Posted: Friday, November 28, 2003
FOR IMMEDIATE RELEASE
FROM THE BOARD OF GOVERNORS' MEETING - FRIDAY, NOVEMBER 28, 2003
KEY PERFORMANCE INDICATORS CONFIRM INCREASE IN NUMBER OF STUDENTS WITH 80 % PLUS AVERAGES
Balanced budget projected for this fiscal year
Key Performance Indicators
A review of the University's Key Performance Indicators report for 2002-03 confirmed that approximately eight out of every 10 classes at Trent were in the one to 25 class size range, that seven of 10 first year classes were taught by tenured faculty, and that Trent researchers rank among nation's best for winning research grants.
The University's indicator report is an annual study of student attainment, teaching and faculty research, enrolment, the supporting environment, financial indicators, and the Maclean's survey.
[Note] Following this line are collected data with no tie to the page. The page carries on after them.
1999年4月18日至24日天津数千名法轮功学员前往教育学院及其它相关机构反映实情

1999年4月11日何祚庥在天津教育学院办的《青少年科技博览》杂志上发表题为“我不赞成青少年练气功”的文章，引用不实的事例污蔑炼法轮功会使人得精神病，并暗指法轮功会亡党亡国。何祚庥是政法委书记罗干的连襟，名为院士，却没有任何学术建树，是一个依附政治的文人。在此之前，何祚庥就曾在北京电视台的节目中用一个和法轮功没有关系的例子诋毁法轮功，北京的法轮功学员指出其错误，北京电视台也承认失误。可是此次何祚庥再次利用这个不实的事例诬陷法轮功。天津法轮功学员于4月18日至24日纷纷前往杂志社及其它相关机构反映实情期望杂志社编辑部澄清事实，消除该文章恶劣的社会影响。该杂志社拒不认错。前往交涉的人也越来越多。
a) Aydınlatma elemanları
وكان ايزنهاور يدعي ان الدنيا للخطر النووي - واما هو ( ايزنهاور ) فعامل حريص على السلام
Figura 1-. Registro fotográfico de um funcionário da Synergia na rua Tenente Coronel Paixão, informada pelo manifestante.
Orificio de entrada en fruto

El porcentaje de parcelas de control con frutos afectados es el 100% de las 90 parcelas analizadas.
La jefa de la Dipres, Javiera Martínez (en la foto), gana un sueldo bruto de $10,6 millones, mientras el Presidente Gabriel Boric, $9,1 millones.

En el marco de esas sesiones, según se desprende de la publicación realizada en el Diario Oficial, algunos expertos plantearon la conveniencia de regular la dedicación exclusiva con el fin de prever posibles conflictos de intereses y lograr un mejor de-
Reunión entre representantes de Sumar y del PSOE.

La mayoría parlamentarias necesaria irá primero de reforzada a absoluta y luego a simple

The study confirmed that Trent continues to provide students with access to high quality academics at the undergraduate level and ranked first in primarily undergraduate universities in student retention rates. On a per capital basis Trent University ranked second in Canada in wining research grant awards per full time faculty members. In 2002-03 academic year Trent University increased the amount of monies received from the three federal government granting council agencies (SSHRC, CIHR and NSERC) by 32 per cent over 2001-02 levels. Grants from the Social Sciences area increased by 38 per cent while those from the Sciences area increased by 31 per cent. Overall, the University was awarded approximately $3.0 million – an increase from last year's allocation of $2.2 million. The average award in the Science disciplines was $53,221 and in Social Sciences was $18,780. With excellence in faculty research, Trent has seen its externally funded research (federal, provincial, municipal and private research grants) increased 2.5 times from $3M in 1996-97 to $10.2M in 2002-03. At the same time, the University's endowment fund has more than doubled from $8.7M to $20.2M. Endowments at Trent are used to fund investments in student assistance, library, academic research, colleges, academic departments and programs, and other specific funds.
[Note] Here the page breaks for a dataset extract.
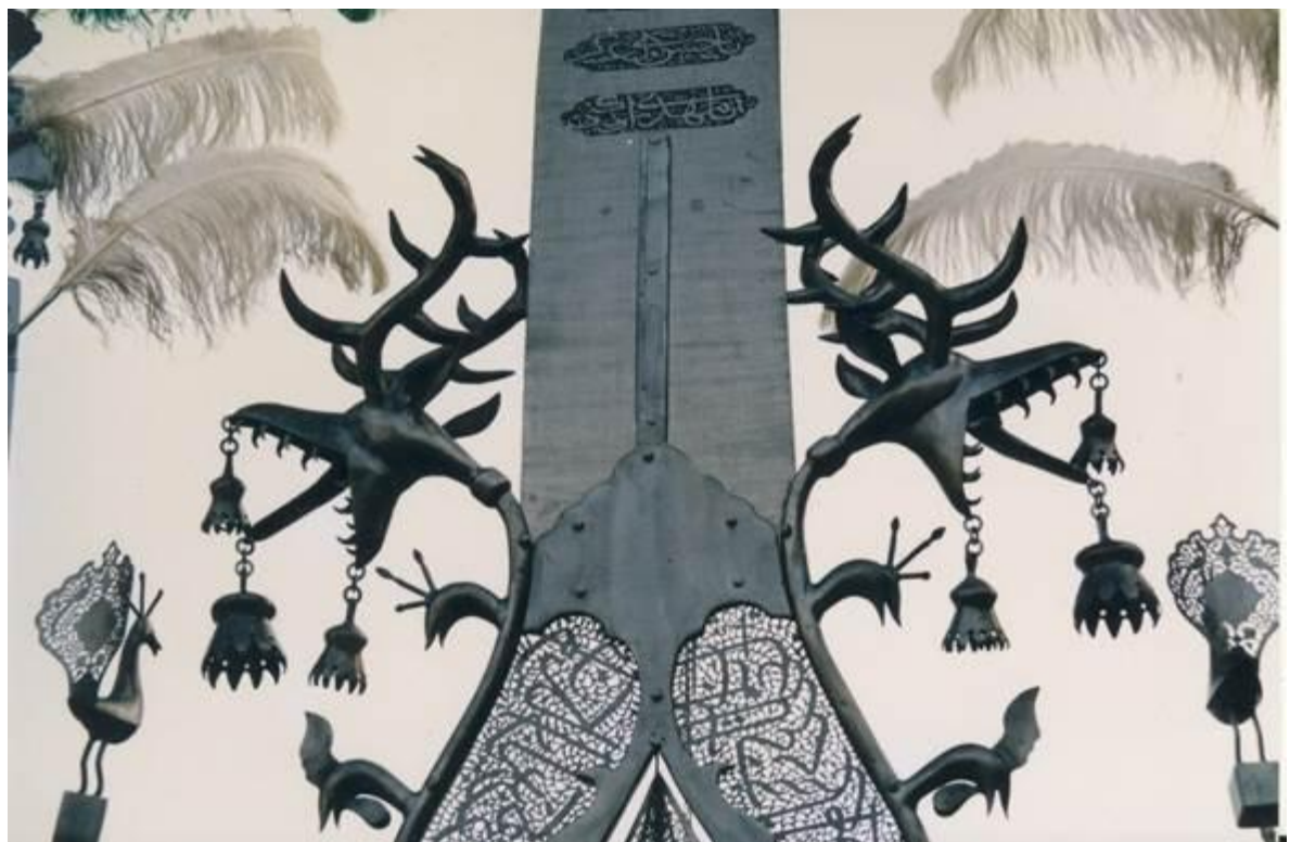
تزئینات علم در شهر بابل

The data also show improvements in the average entering grades of first year students. In 2002-03, Trent University admitted 61 per cent of its new student body from secondary schools and CEGEPs with a grade point average (GPA) of 75 per cent or greater. Trent admitted 44 per cent fewer students with a grade point average less than 70 per cent, and increased admissions of students with GPAs of 70 per cent or better by 27 per cent. The proportion of the 2002 class with GPAs over 80 per cent increased to 35 per cent from 31 per cent – a 17 per cent increase over the 2001 class.
The study also analyzed how the University spends its finances and draws its revenues from public and private interests. The fastest growing expenditure line item in the budget continues to be scholarships and bursaries for students. In 2002-03, the University spent $5.9 million on scholarships and bursaries, more than in 1998-99, when the University spent $2.5 million - an increase of 136 per cent. On the revenue side, operating grants represent 46 per cent of all revenue and tuition accounted for 32 per cent. The University has become increasingly dependent on tuition fees since 1998-99 and government policy requires that 30 per cent of tuition increases be set a side for student aid, which leaves only 70 cents for every dollar of tuition increase available to cover ongoing operating expenses.
In its update to the Board on the current operating budget projection, administration projected a balanced budget for this fiscal year and reaffirmed its plan to make a $365,000 payment to the accumulated deficit, provided that assumptions about government funding and enrollment levels remain accurate. It was noted that the payment will reduce the accumulated deficit from $6.9 million to $6.5 million.
An enrollment report prepared by the Office of the Registrar using November 1, 2003 numbers confirmed a 21.5 per cent increase in the number of full time students at Trent University.
- Total enrollment of 7,295 (5,912 full time and 1,383 part time)
- Overall, the number of applications received by Trent University in 2003 increased to 15,477, up from 8,607 in 2002.
- The number of scholarship high school students with entering averages of 80-100 per cent increased by 72.3 per cent.
- Course registrations at Trent's Oshawa campus grew a healthy 12.5 per cent, reflecting a 79 per cent increase in registrations at Oshawa since 1998.
- The report also showed that part time enrollment for the same period decreased by 4.5 per cent
Fundraising Council Report
Board members were informed that the Fundraising Council has raised $1.25 million to date or 35 per cent of its $3.6 million goal for the 'Building Capacity' campaign in support of the building projects, CFI and Ontario Graduate Scholarships. The council has agreed to integrate the recently announced Ontario Student Opportunities Trust Fund (OSOTF) matching grant opportunities into its array of donor options. OSOTF is a student support endowment program. The potential amount that Trent could match through OSOTF is up to $4,222,126.
President Patterson highlighted Trent's performance in the recent National Post report card on university research which ranked Trent 32nd out of 93 Canadian universities. She offered congratulations to Dr. Peter Dillon who was presented with the Miroslaw Romanowski Medal from the Royal Society of Canada, and Dr. Joan Sangster who was inducted as a new fellow in the society. Dr. Dillon is currently the Director of the Water Quality Centre at Trent University where he also holds the Ontario Power Generation-NSERC Industrial Research Chair in Watershed Biogeochemistry.
Dr. Sangster is researching in two main areas, one of which focuses on colonialism and images of First Nations peoples in the post-Second World War period. She is also researching a book on women and work after the Second World War, particularly the organization of women workers as the labour force was transformed by an influx of women workers and the growth of new unions.
The president noted that in its Throne Speech the provincial government reaffirmed its commitment to a tuition freeze, which will have a .5 million impact on Trent University. She indicated that executive heads have communicated their concerns to the Minister about the impact of a tuition freeze. Board members were advised that at Trent's Ontario University Athletics award event, 58 Trent student athletes who competed in Canadian competitions and maintained an 80 per cent plus average or better were recognized. News of each athlete's award has been sent by the Athletics department to media outlets in each student's home town to further recognize their accomplishments.